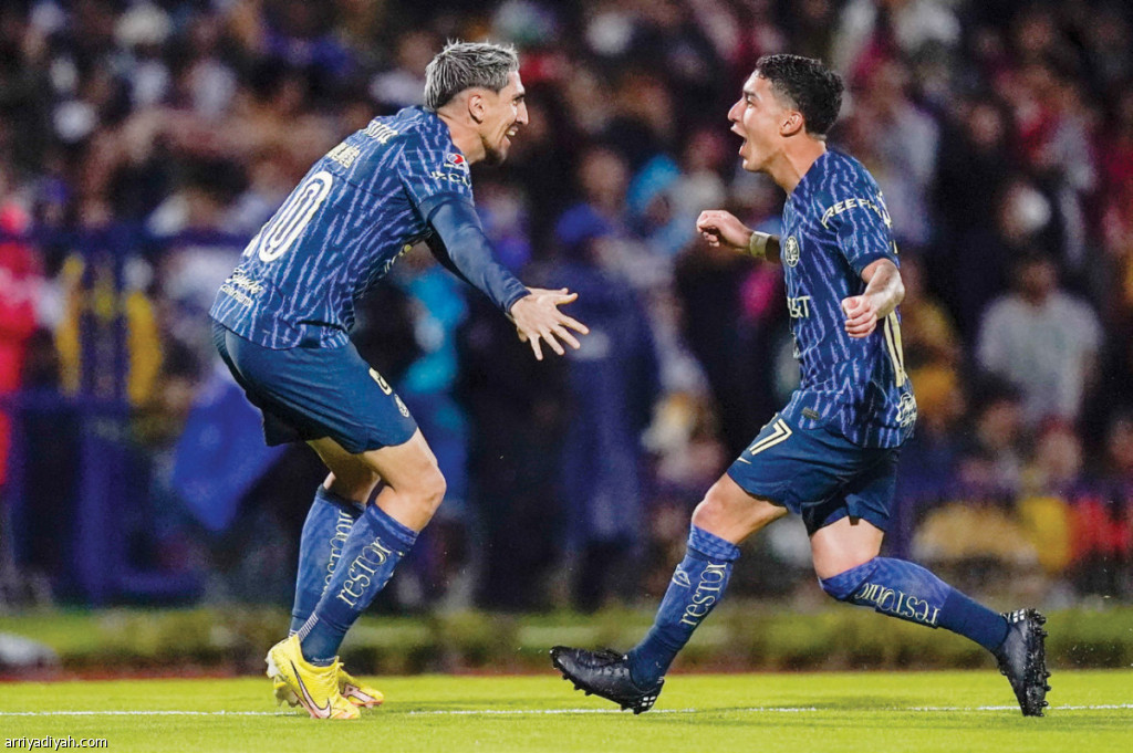 صورة التقطت أمس لأليخاندرو زينديجا، ودييجو فالديز، لاعبيّ فريق كلوب أمريكا، أثناء احتفالهما بالهدف الثالث خلال المباراة ضد بوماس أونام في الدوري المكسيكي لكرة القدم (الألمانية)
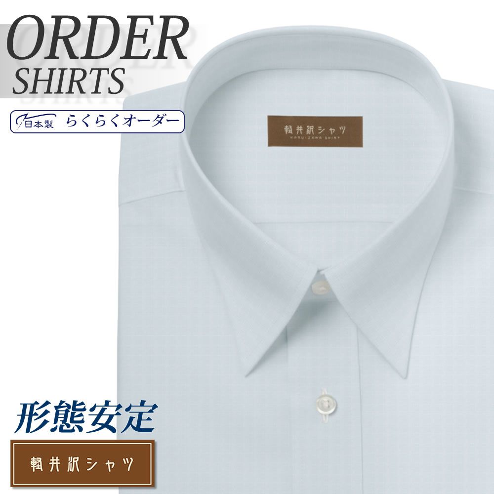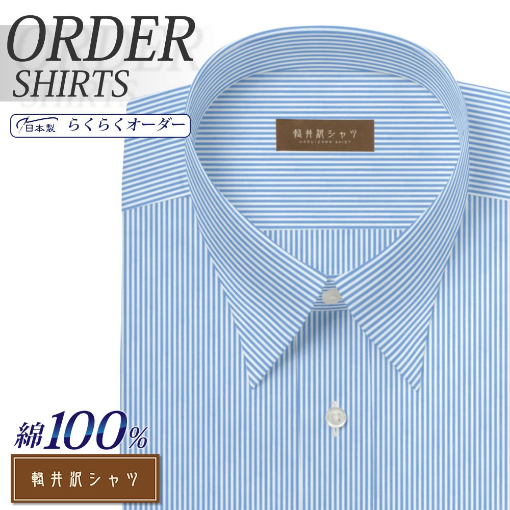 オーダーシャツ デザイン変更可能 ワイシャツ Yシャツ オーダーワイシャツ メンズ 長袖 半袖 七分 大きいサイズ スリム らくらく オーダー 日本製 形態安定 綿100% 軽井沢シャツ レギュラーカラー ライトブルーロンドンストライプ [R10KZR545] 送料無料
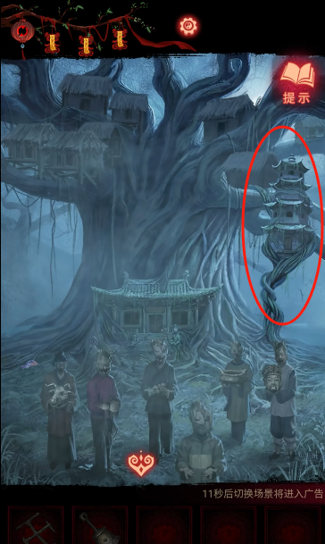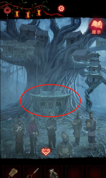 返回这个场景中点击右侧这个建筑,使用古怪树枝打开门进入
────────
Any images must be dropped; all other material is to be printed exactly.

▶ _Task output_
 صورة التقطت أمس لأليخاندرو زينديجا، ودييجو فالديز، لاعبيّ فريق كلوب أمريكا، أثناء احتفالهما بالهدف الثالث خلال المباراة ضد بوماس أونام في الدوري المكسيكي لكرة القدم (الألمانية)
 オーダーシャツ デザイン変更可能 ワイシャツ Yシャツ オーダーワイシャツ メンズ 長袖 半袖 七分 大きいサイズ スリム らくらく オーダー 日本製 形態安定 綿100% 軽井沢シャツ レギュラーカラー ライトブルーロンドンストライプ [R10KZR545] 送料無料
 返回这个场景中点击右侧这个建筑,使用古怪树枝打开门进入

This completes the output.